Did a quickie (Ralph Valentino term) hike after work on the windward side last Thursday. Traveled through the Wilson Tunnel and along Kahekili to the Valley of the Temples Memorial Park. Used the men's room to change into hiking clothes.

After parking on Hui Iwa which borders the Temple Valley Shopping Center I set out on foot at 4:53 p.m. Jogged along Kahekili until reaching a gate fronting an old overgrown dirt road. Ascended gradually then more steeply along the road gaining the ridge line in the process. From there I picked up a trail and followed it sometimes steeply to a benchmark (elev. 751 ft). A short distance later I sat down on a concrete bunker.

Along the way I noticed several sisal plants which reminded me of Kalalau. The Ko'olau summit ridge was clear and I recognized the broad Waimalu Middle Ridge Summit as well as the peak Eleao. Lanihuli, Keahi a kahoe and the Aiea Ridge Summit also caught my eye. It took 22 minutes to gain the bunker from my car and the location featured a nice view of Kaneohe Bay and Ohulehule. Heeia Stream fed a marshy area behind Heeia Pond.

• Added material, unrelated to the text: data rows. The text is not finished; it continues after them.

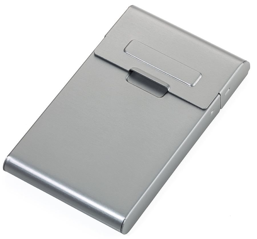 Метален визитник TROIKA, алуминий, капаче с ролково отваряне, антрацит, за около 10 визитки.
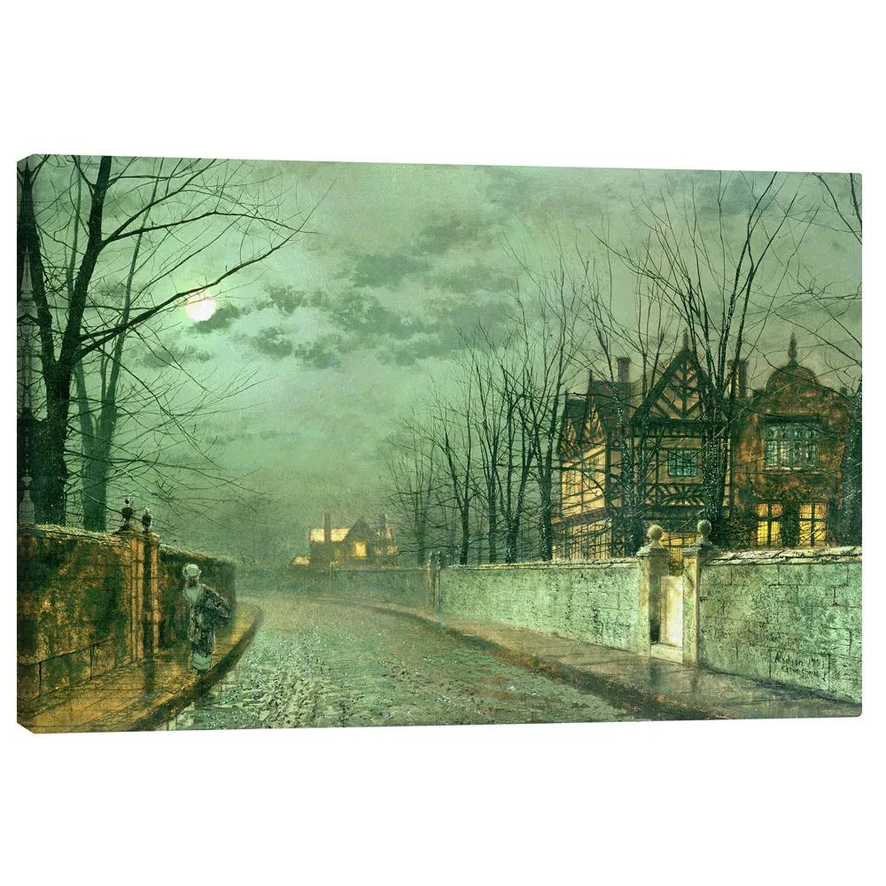تابلو بوم کنواس طرح Old English House, Moonlight after Rain کد 443254
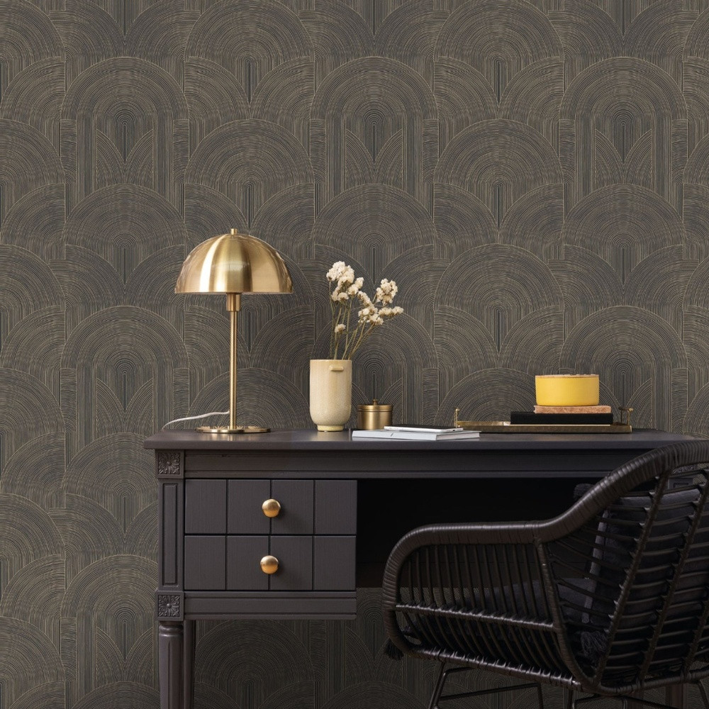 Ez az elegáns Art Deco stílusú geometrikus mintás tapéta modern és kifinomult megjelenést kölcsönöz a belső tereknek. A koncentrikus ívek és finom vonalstruktúrák különleges ritmust és dinamizmust visznek a faldekorációba.
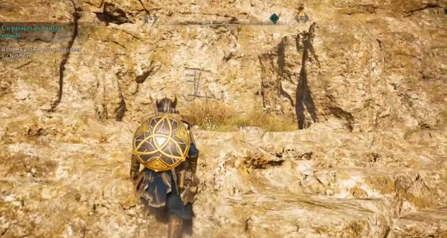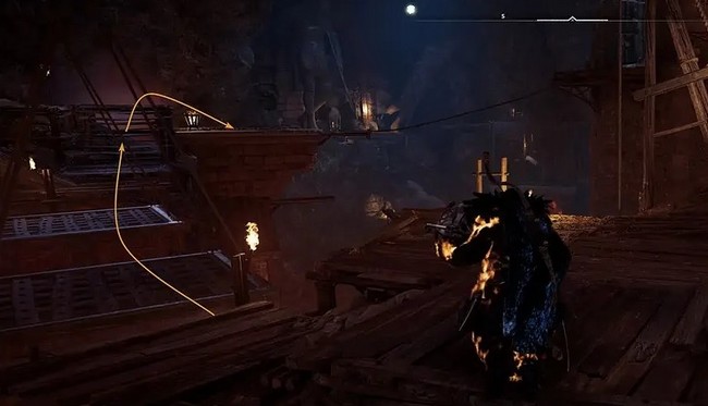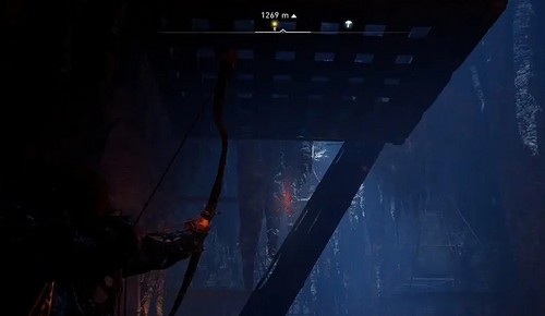 Glissez ensuite dans la fente étroite du mur de pierre suivant et descendez. Une fois encore, vous devrez contourner les pointes verticales et autres obstacles pour éviter de vous blesser. Au bout, regardez en haut, tirez votre flèche et frappez la plate-forme en bois pour faire tomber la structure, puis montez dessus.

On Saturday, Sept. 26, HTM conducted a hike to the top of Ma'eli'eli. 34 people participated including Stuart Ball. However, the hike originated from Heeia State Park which is along Kaneohe Bay.

"Pu'u Ma'eli'eli is the small peak overlooking Kane'ohe Bay between Kahalu'u and Kane'ohe. The climb to its top is short, but steep."*

== Friday, Oct. 2 - Pu'u Kalena Pau Hana ==

Ventured out Schofield Barracks way to get in a little exercise via the Pu'u Kalena Trail. Entered the Army base via Foote Gate, turned left onto Road 'A' then right onto Lyman Road. Drove along Lyman until I came to Bowman Park. Changed clothes inside the men's room. Proceeded to the dirt parking area near Kolekole Pass, hydrated then continued on foot at 5:05 p.m. crossing Kolekole Road.

Followed a dirt road as it ascended to the former location of the Kolekole Cross. Climbed steeply over an eroded area and exchanged greetings with an older gentleman who was huffing and puffing. Passed through vegetation consisting mainly of Christmas berry and sat down to catch my breath at a benchmark where the ridge leveled off at 5:22 p.m.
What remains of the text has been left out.